Вечером они оба сидели наказанные: он — с зелёнкой на ноге, она — без сладкого. Они не смотрели друг на друга. Между ними лежала пропасть из взаимных обид, боли и полного непонимания. Но впервые в этой пропасти, на самом дне, появилось нечто общее — знание, что можно причинить друг другу настоящую, физическую боль. И что от этой боли и стыда хочется провалиться сквозь землю.

Когда в конце июля Вера, укладывая вещи, спросила у матери: «Ну как, подружились они хоть немного?», Мария Ивановна только тяжело вздохнула:

— Она за твою юбку цепляется, будто тонет, а он эту юбку из ревности дёргает.
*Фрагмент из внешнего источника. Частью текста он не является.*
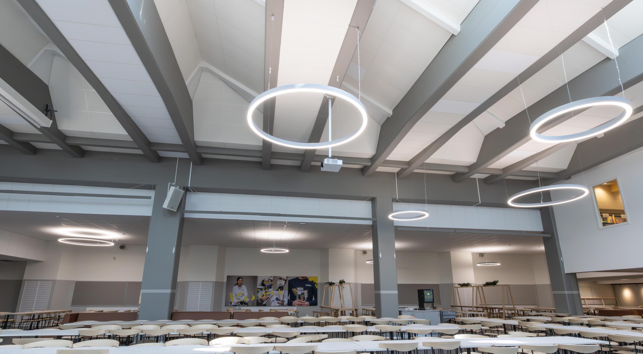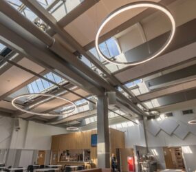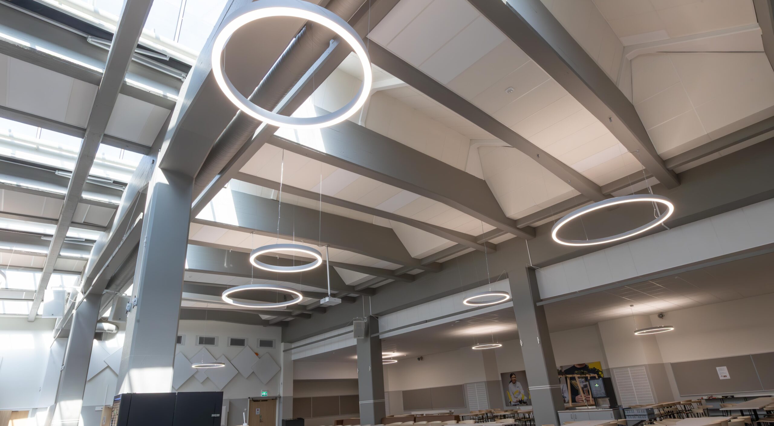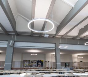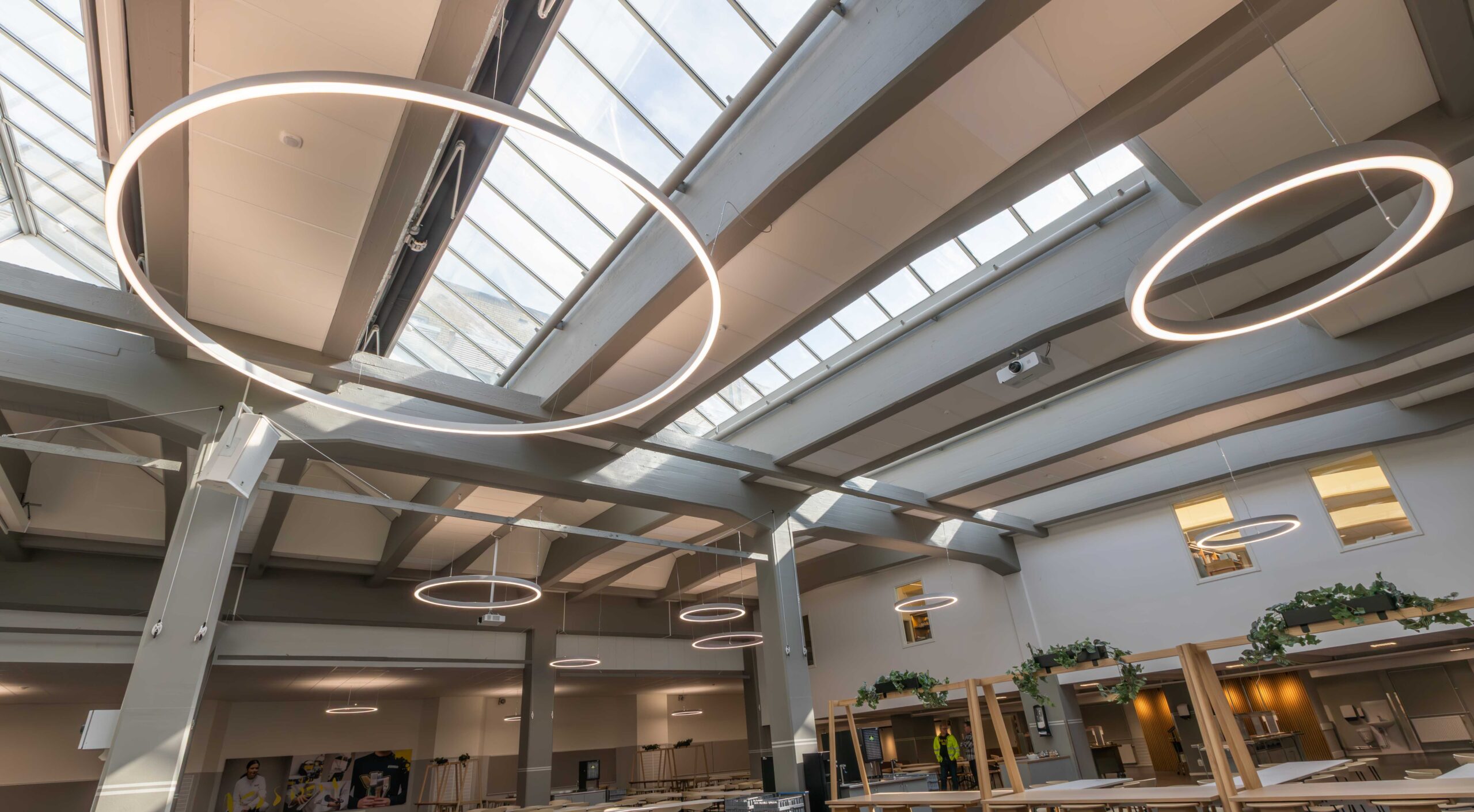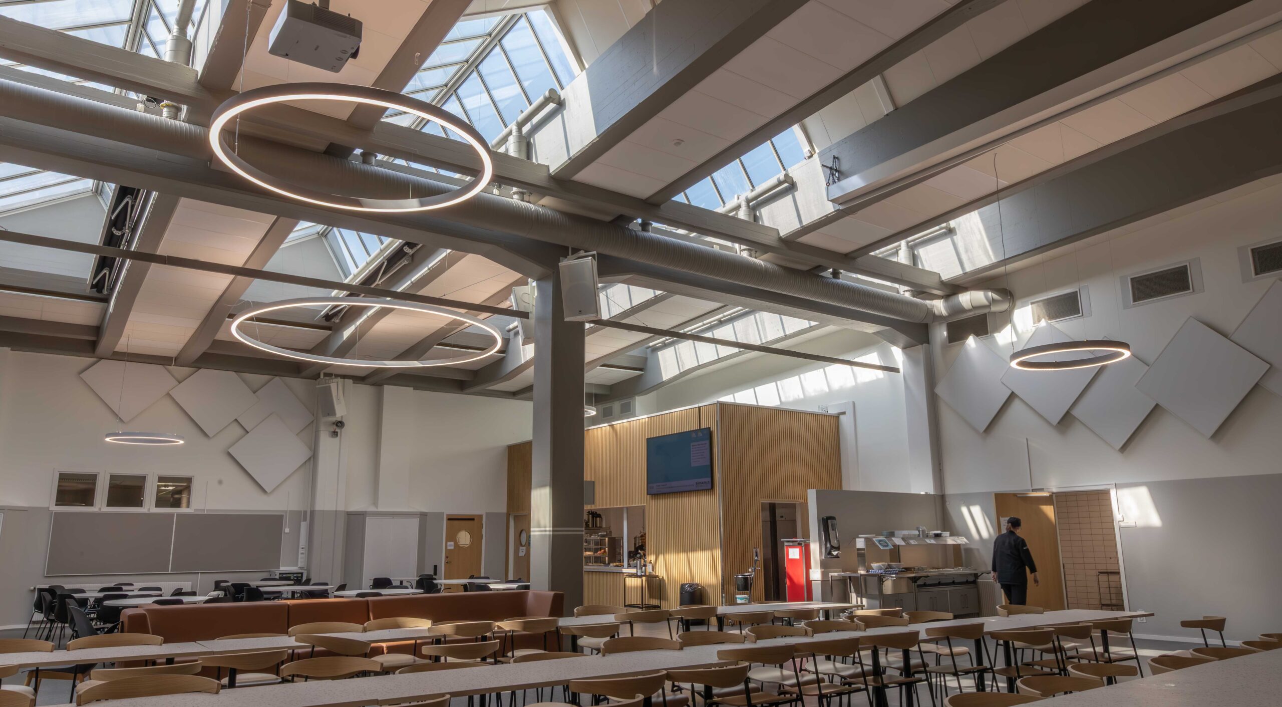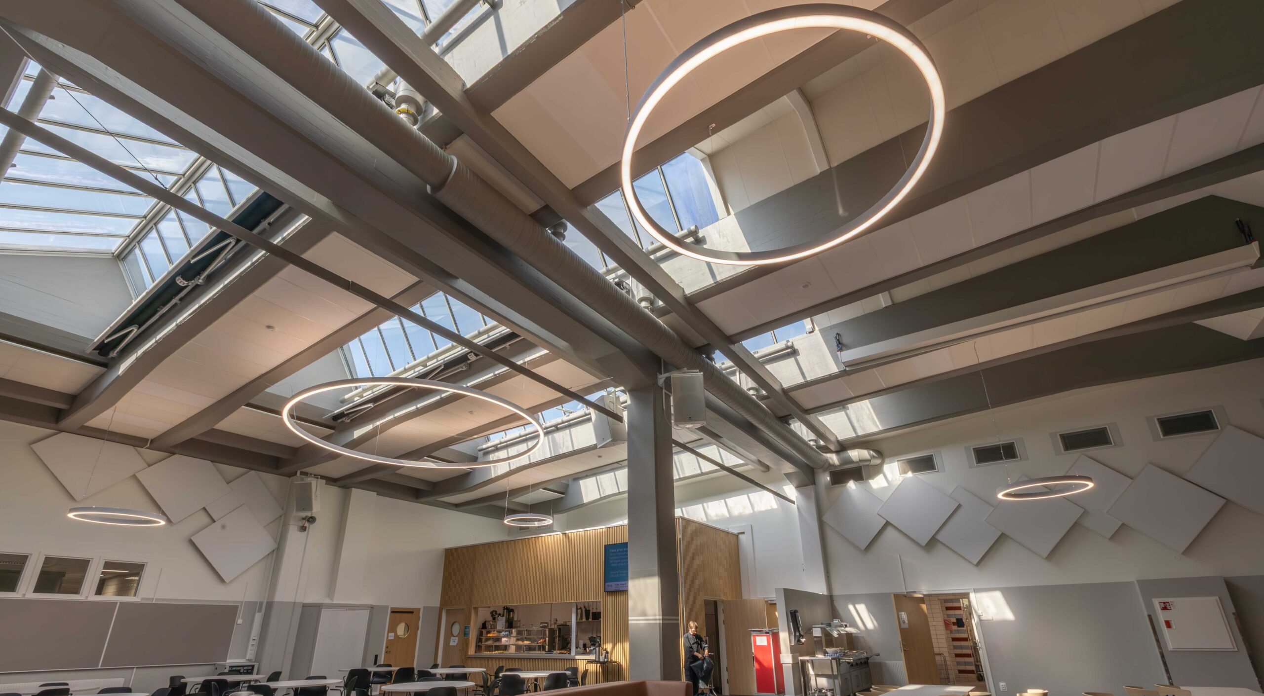 Från vår partner Lightnet valdes armaturmodellen Ringo Star. Ett antal olika storlekar monterades på olika höjder i skolmatsalen och i skolans atrium. Det finns många olika tillval och storlekar av Ringo Star, här valdes en pendlad modell i Radiant Silver. Bland annat så monterades varianter i diameter 1200, 2000 och 4000 mm med direkt- och indirekt ljusfördelning. Ringo Star går att beställa i färgtemperaturer mellan 2200 Kelvin till 6500 Kelvin och man kan välja spektrumkvalitet Ra>80, Ra>90 eller fullspektrum. Dessutom finns det olika alternativ för ljusstyrning: ON/OFF, Casambi, Pushdim eller DALI. I detta projekt valdes armaturer med 4000 Kelvin med DALI-styrning.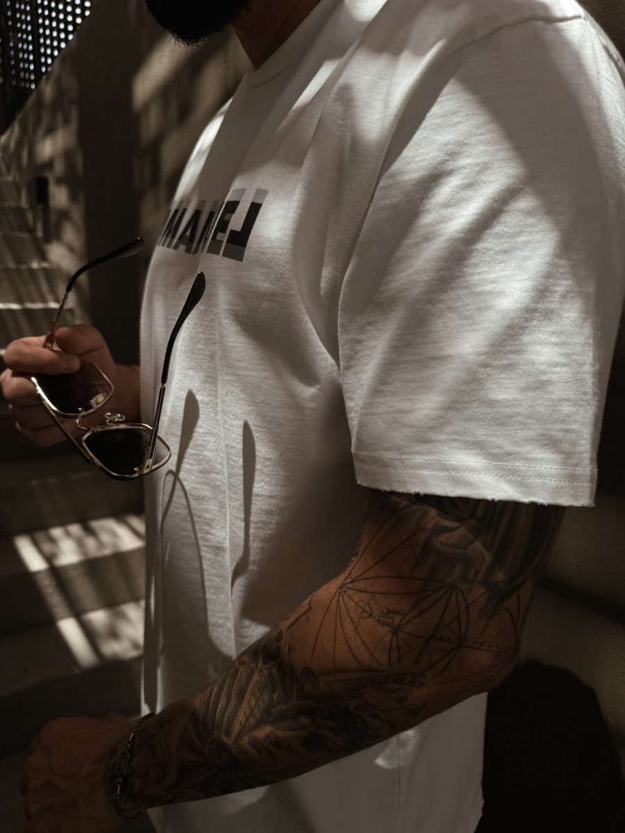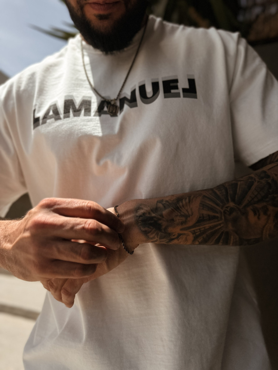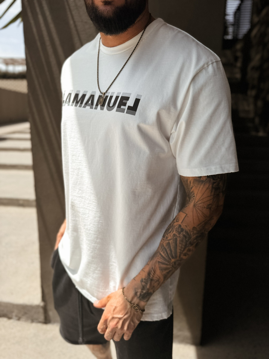 Koszulka z krótkim rękawem o regularnym delikatnie oversizowym kroju wykonana z grubej bawełny. Logo LAMANUEL na klatce piersiowej w wyjątkowym wydaniu. Poddana praniu „Vintage” i delikatnym uszkodzeniom na rękawkach i przy dekolcie dla jeszcze ciekawszego efektu.

И оба не понимают, что ткань-то ветхая. Дрань да война. Может, на следующий год... перерастут.

Но в её голосе не было уверенности. Казалось, этим двум маленьким, раненым существам никогда не найти общего языка. Петя злился на Соню за то, что она отняла у него весёлую тётю. Соня ненавидела Петю за то, что он своими дёргаными движениями и криками мог окончательно спугнуть её последнюю, такую неустойчивую маму. Их ненависть была страшным, искажённым эхом той самой трещины, что прошла по браку Веры и Димы.

Лето 1998-го осталось в памяти как год, когда они оба впервые по-настоящему заплакали не от обиды на взрослых, а от боли, которую причинили друг другу. От боли, в которой, как в кривом зеркале, отражалась невысказанная боль взрослых, живших рядом, но в каком-то другом, недоступном и пугающем измерении.